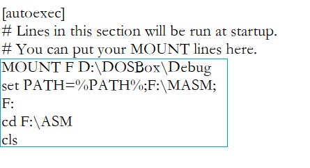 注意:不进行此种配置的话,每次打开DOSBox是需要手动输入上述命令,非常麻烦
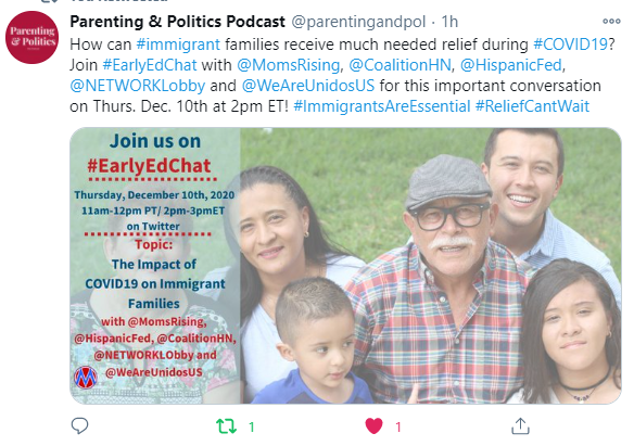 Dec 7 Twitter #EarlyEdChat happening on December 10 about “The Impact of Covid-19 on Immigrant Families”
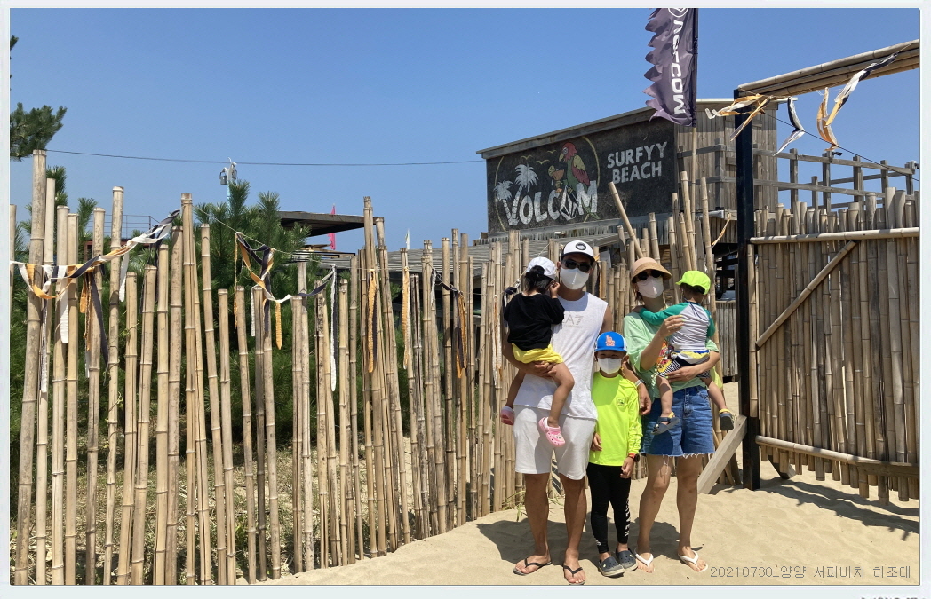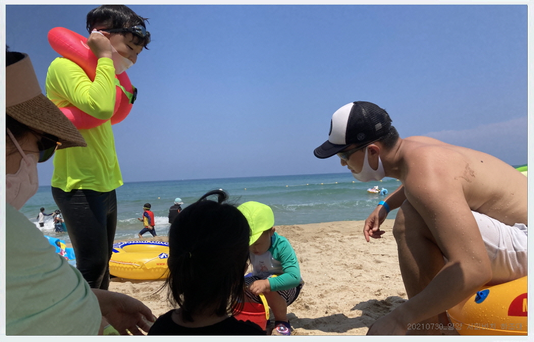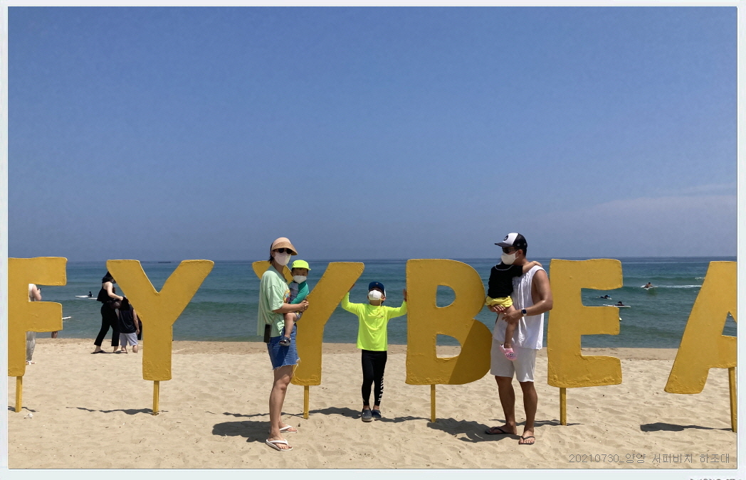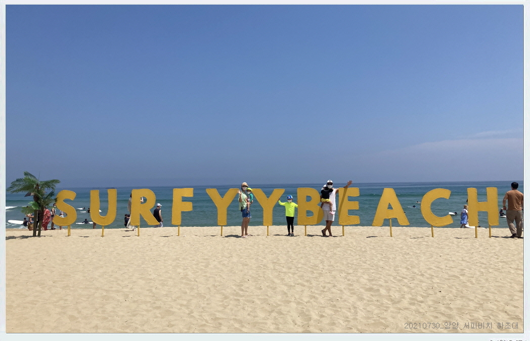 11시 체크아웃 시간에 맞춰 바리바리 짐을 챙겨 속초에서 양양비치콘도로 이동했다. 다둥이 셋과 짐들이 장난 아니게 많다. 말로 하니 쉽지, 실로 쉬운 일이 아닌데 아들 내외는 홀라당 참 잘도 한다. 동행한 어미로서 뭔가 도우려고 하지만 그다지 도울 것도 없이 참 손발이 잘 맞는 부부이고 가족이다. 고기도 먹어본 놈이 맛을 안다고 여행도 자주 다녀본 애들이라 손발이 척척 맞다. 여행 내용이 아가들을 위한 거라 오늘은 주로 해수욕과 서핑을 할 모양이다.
________________________________________
● Assignment: Repeat verbatim the lines between the start of the data and the line containing "Dec 7 Twitter", both ends included, omitting all pictures.

● Answer space:
 注意:不进行此种配置的话,每次打开DOSBox是需要手动输入上述命令,非常麻烦
 Dec 7 Twitter #EarlyEdChat happening on December 10 about “The Impact of Covid-19 on Immigrant Families”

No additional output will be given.